## How to complete this task:
Set down, exactly as they stand, the lines from the one containing "Мясные рулеты часто" through the last line of the records below, leaving every picture out.

Collected data
----

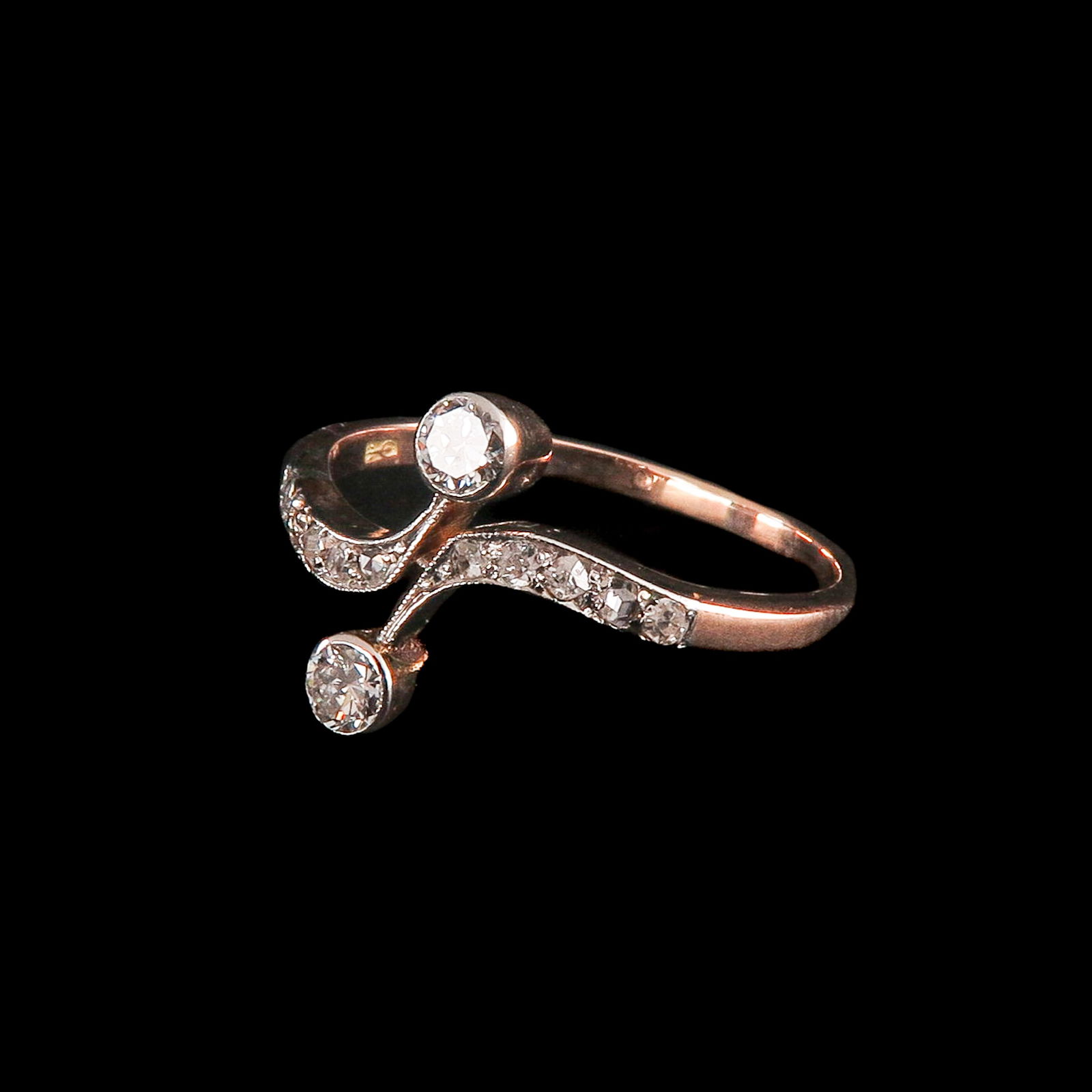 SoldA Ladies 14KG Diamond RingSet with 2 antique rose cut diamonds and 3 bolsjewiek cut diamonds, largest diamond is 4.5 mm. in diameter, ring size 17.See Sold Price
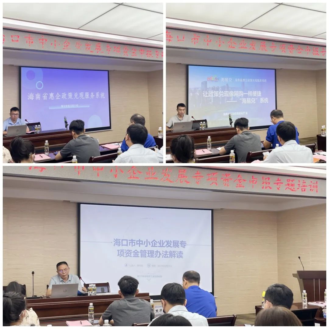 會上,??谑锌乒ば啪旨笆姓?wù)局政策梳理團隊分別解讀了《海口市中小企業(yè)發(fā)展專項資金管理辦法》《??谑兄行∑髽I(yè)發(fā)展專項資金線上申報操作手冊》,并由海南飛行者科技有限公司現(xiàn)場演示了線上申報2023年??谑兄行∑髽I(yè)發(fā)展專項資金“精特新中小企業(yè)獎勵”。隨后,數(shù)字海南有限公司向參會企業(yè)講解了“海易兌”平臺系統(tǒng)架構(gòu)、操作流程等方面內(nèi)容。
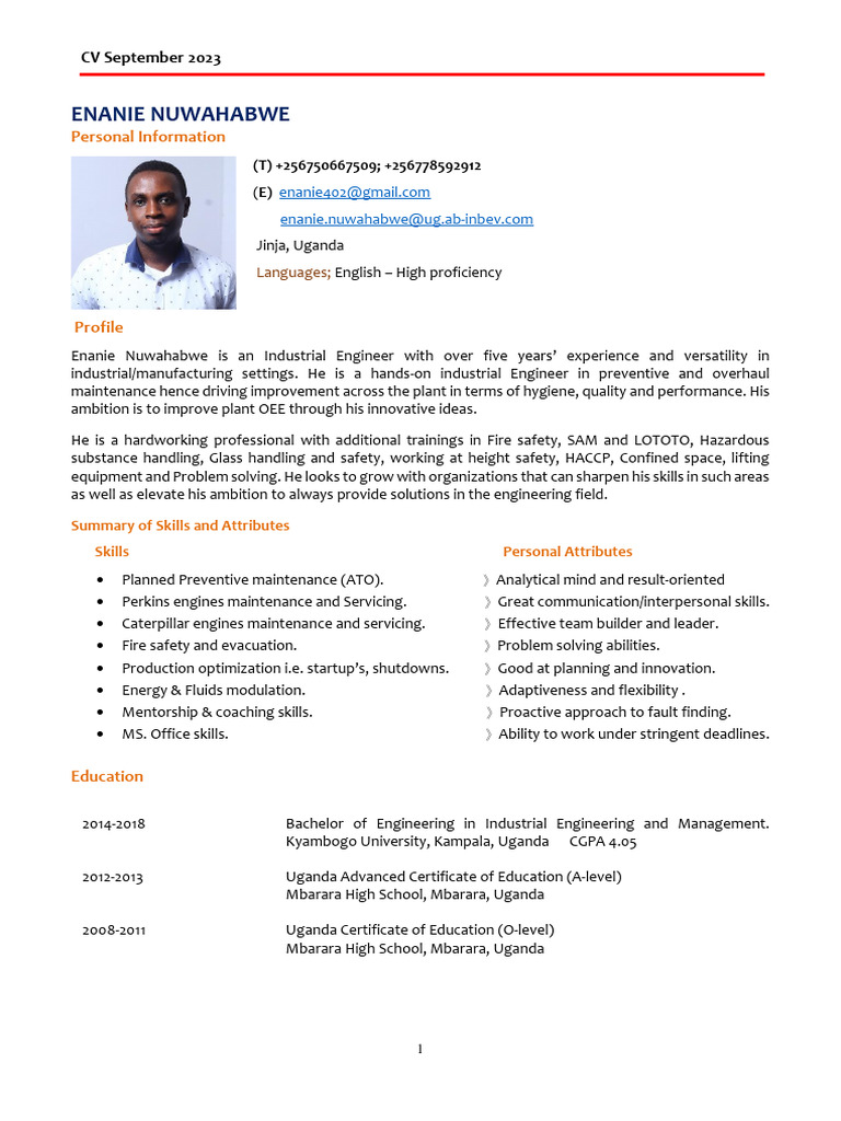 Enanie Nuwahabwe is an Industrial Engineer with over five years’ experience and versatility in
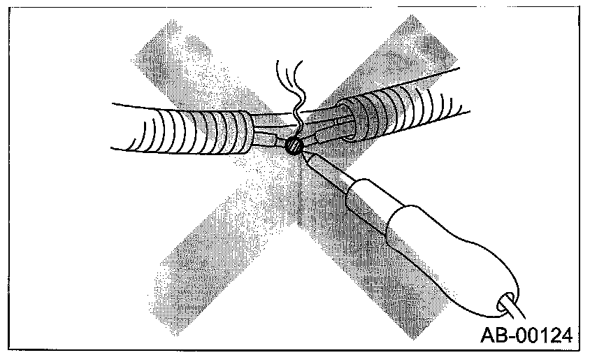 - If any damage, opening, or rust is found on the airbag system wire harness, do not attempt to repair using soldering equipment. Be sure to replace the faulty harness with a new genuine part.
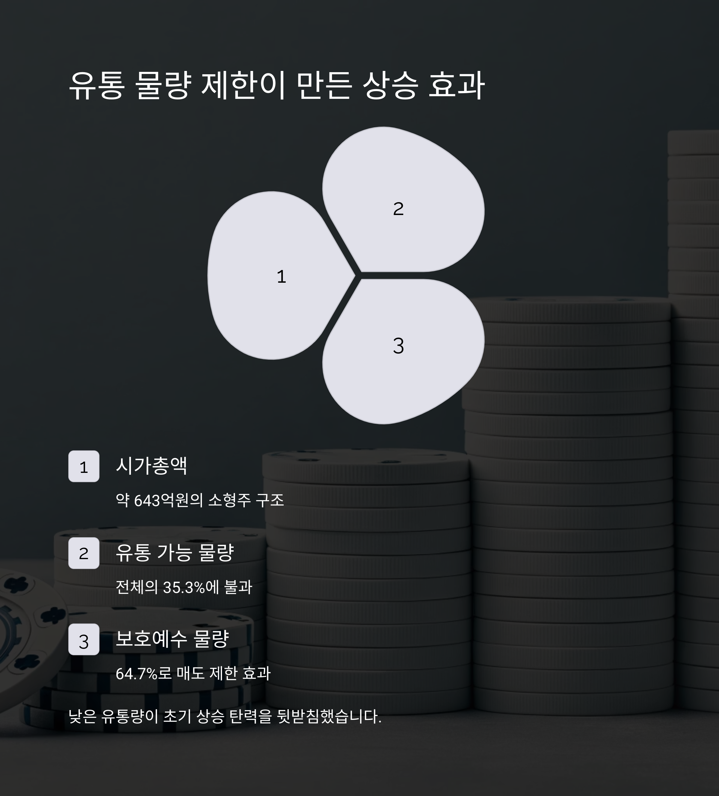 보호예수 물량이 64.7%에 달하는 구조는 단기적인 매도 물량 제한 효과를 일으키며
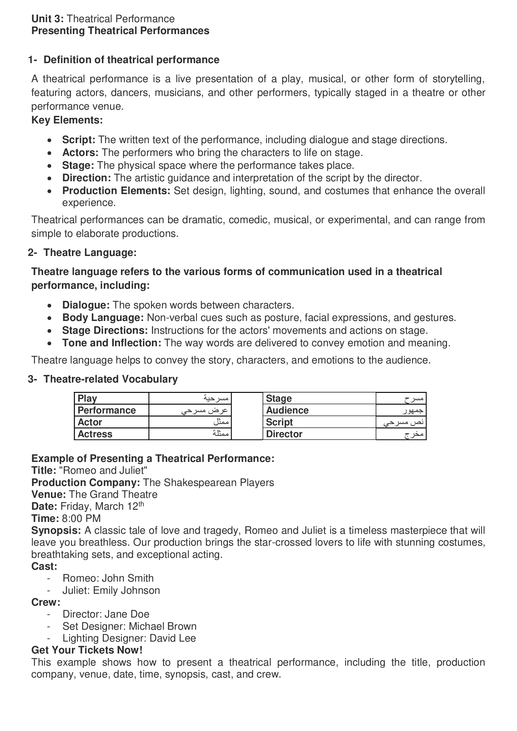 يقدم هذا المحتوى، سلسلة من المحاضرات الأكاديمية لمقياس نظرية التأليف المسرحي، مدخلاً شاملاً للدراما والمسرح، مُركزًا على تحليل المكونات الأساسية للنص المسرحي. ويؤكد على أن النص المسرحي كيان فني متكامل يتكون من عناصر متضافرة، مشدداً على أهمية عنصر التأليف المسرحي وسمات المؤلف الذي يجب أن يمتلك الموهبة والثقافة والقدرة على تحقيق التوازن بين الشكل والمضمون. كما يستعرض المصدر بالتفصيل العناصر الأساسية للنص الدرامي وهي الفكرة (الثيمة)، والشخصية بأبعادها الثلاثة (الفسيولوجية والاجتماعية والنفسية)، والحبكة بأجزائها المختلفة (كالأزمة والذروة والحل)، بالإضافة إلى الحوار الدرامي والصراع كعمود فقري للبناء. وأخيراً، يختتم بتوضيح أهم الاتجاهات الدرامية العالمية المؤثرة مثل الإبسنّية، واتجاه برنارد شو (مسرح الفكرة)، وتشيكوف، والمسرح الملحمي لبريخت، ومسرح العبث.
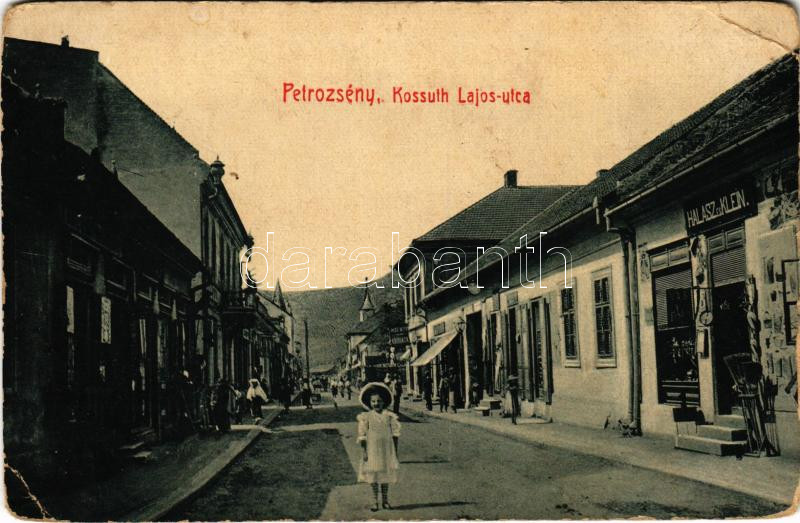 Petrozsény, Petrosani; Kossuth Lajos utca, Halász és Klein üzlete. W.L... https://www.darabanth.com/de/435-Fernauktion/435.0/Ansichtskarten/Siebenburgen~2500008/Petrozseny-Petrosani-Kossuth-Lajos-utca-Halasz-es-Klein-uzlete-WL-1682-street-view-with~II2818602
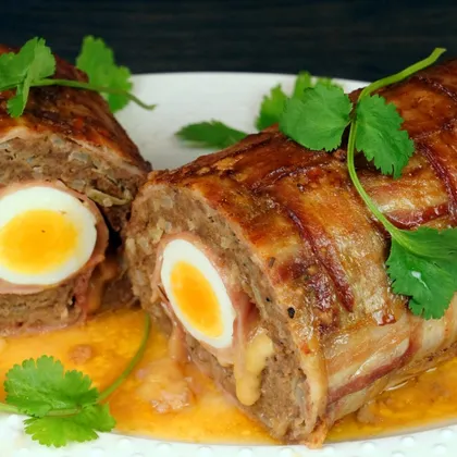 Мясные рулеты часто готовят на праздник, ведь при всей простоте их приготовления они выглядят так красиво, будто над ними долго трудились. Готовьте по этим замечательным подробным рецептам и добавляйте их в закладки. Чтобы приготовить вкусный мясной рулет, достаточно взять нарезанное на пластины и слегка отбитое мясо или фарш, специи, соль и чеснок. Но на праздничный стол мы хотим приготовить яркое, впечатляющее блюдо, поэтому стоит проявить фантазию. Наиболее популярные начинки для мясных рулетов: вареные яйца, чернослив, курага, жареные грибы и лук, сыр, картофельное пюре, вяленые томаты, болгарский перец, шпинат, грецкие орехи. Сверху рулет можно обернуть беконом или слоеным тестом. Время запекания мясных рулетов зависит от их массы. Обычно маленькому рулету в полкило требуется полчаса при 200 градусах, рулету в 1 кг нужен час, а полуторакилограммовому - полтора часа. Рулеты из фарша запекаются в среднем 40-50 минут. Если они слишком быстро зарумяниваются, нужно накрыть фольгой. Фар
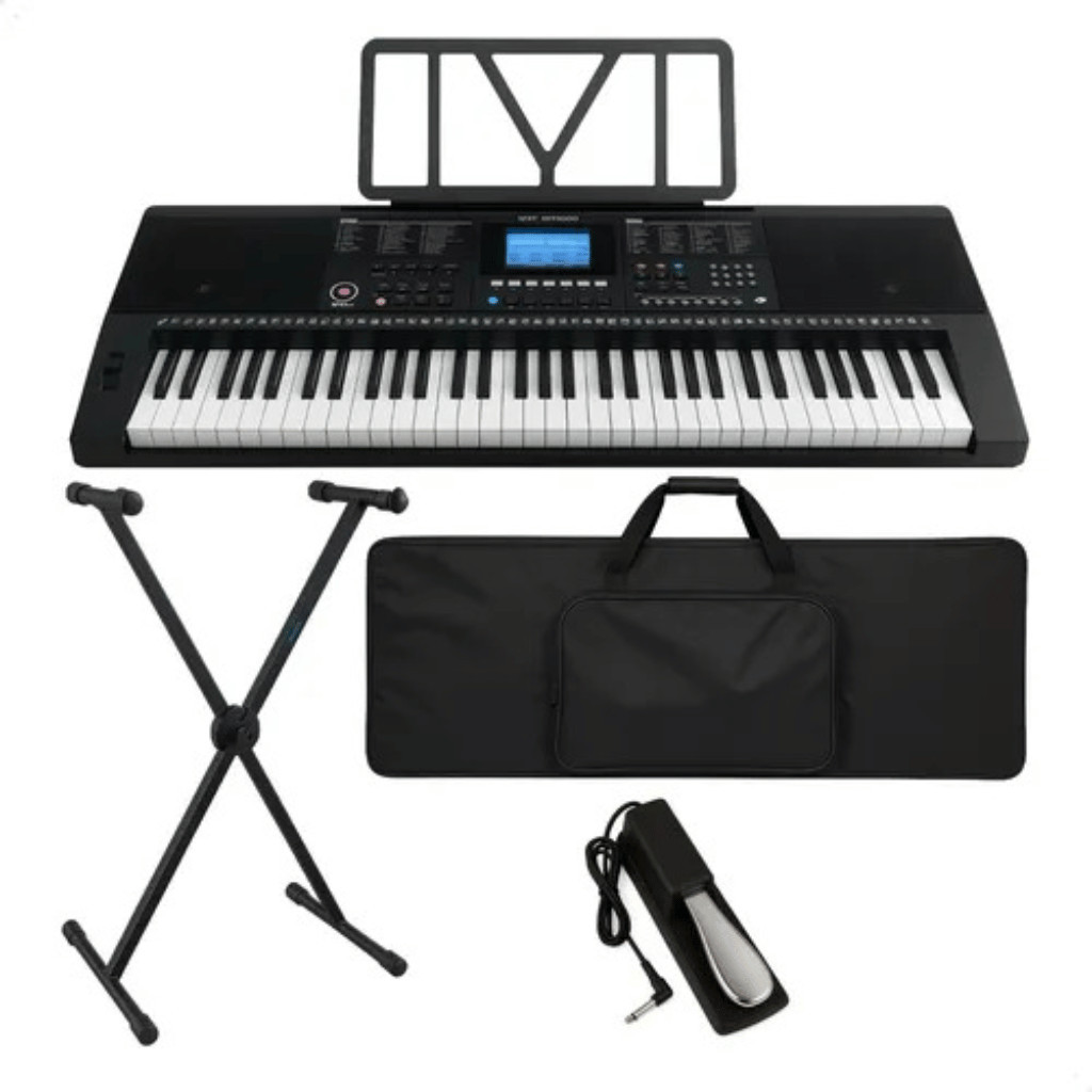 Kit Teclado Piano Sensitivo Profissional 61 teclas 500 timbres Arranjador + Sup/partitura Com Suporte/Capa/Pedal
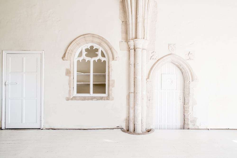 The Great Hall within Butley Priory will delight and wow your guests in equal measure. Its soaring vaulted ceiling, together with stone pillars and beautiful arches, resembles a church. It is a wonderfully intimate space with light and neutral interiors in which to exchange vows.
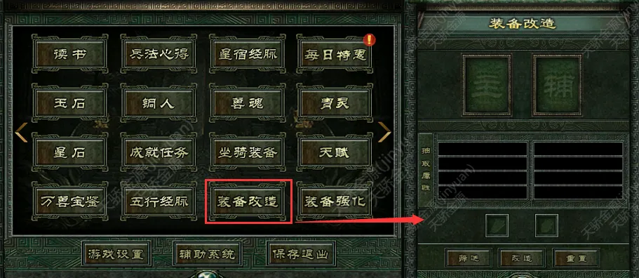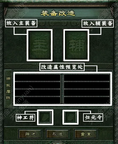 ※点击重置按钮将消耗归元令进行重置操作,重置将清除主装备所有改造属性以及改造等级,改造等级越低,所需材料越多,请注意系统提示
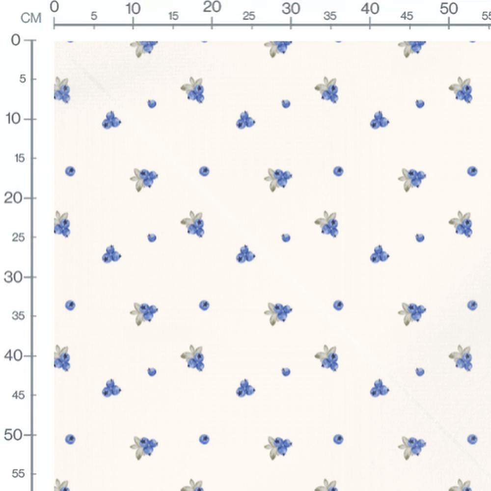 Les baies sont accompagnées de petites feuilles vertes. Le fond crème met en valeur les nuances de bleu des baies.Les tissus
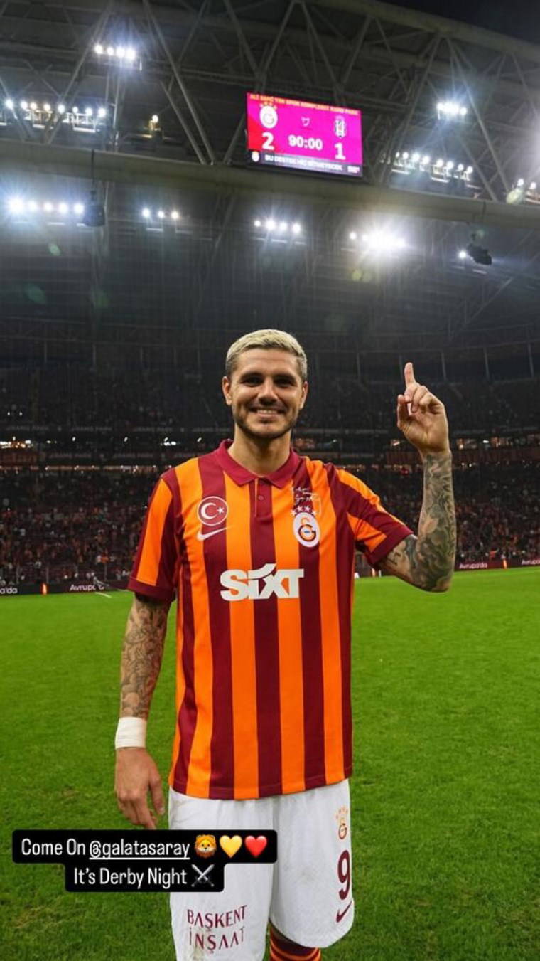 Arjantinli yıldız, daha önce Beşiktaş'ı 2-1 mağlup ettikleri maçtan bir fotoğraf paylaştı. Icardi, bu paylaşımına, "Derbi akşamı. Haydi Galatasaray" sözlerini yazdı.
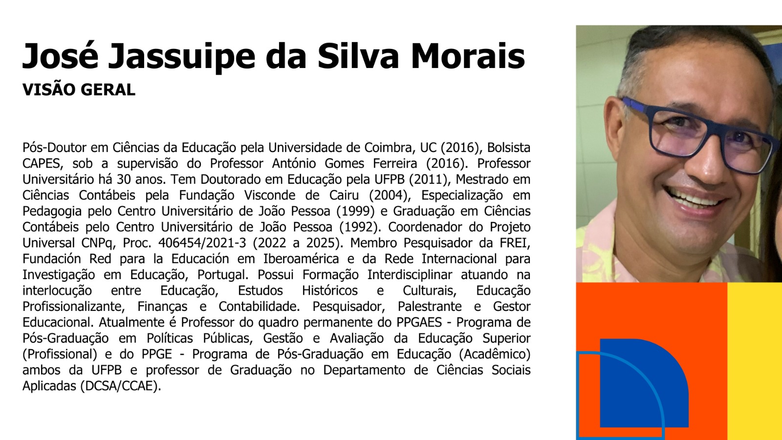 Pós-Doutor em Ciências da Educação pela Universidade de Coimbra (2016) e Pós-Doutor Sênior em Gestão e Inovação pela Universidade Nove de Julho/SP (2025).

----

## Final answer:
 Мясные рулеты часто готовят на праздник, ведь при всей простоте их приготовления они выглядят так красиво, будто над ними долго трудились. Готовьте по этим замечательным подробным рецептам и добавляйте их в закладки. Чтобы приготовить вкусный мясной рулет, достаточно взять нарезанное на пластины и слегка отбитое мясо или фарш, специи, соль и чеснок. Но на праздничный стол мы хотим приготовить яркое, впечатляющее блюдо, поэтому стоит проявить фантазию. Наиболее популярные начинки для мясных рулетов: вареные яйца, чернослив, курага, жареные грибы и лук, сыр, картофельное пюре, вяленые томаты, болгарский перец, шпинат, грецкие орехи. Сверху рулет можно обернуть беконом или слоеным тестом. Время запекания мясных рулетов зависит от их массы. Обычно маленькому рулету в полкило требуется полчаса при 200 градусах, рулету в 1 кг нужен час, а полуторакилограммовому - полтора часа. Рулеты из фарша запекаются в среднем 40-50 минут. Если они слишком быстро зарумяниваются, нужно накрыть фольгой. Фар
 Kit Teclado Piano Sensitivo Profissional 61 teclas 500 timbres Arranjador + Sup/partitura Com Suporte/Capa/Pedal
 The Great Hall within Butley Priory will delight and wow your guests in equal measure. Its soaring vaulted ceiling, together with stone pillars and beautiful arches, resembles a church. It is a wonderfully intimate space with light and neutral interiors in which to exchange vows.
 ※点击重置按钮将消耗归元令进行重置操作,重置将清除主装备所有改造属性以及改造等级,改造等级越低,所需材料越多,请注意系统提示
 Les baies sont accompagnées de petites feuilles vertes. Le fond crème met en valeur les nuances de bleu des baies.Les tissus
 Arjantinli yıldız, daha önce Beşiktaş'ı 2-1 mağlup ettikleri maçtan bir fotoğraf paylaştı. Icardi, bu paylaşımına, "Derbi akşamı. Haydi Galatasaray" sözlerini yazdı.
 Pós-Doutor em Ciências da Educação pela Universidade de Coimbra (2016) e Pós-Doutor Sênior em Gestão e Inovação pela Universidade Nove de Julho/SP (2025).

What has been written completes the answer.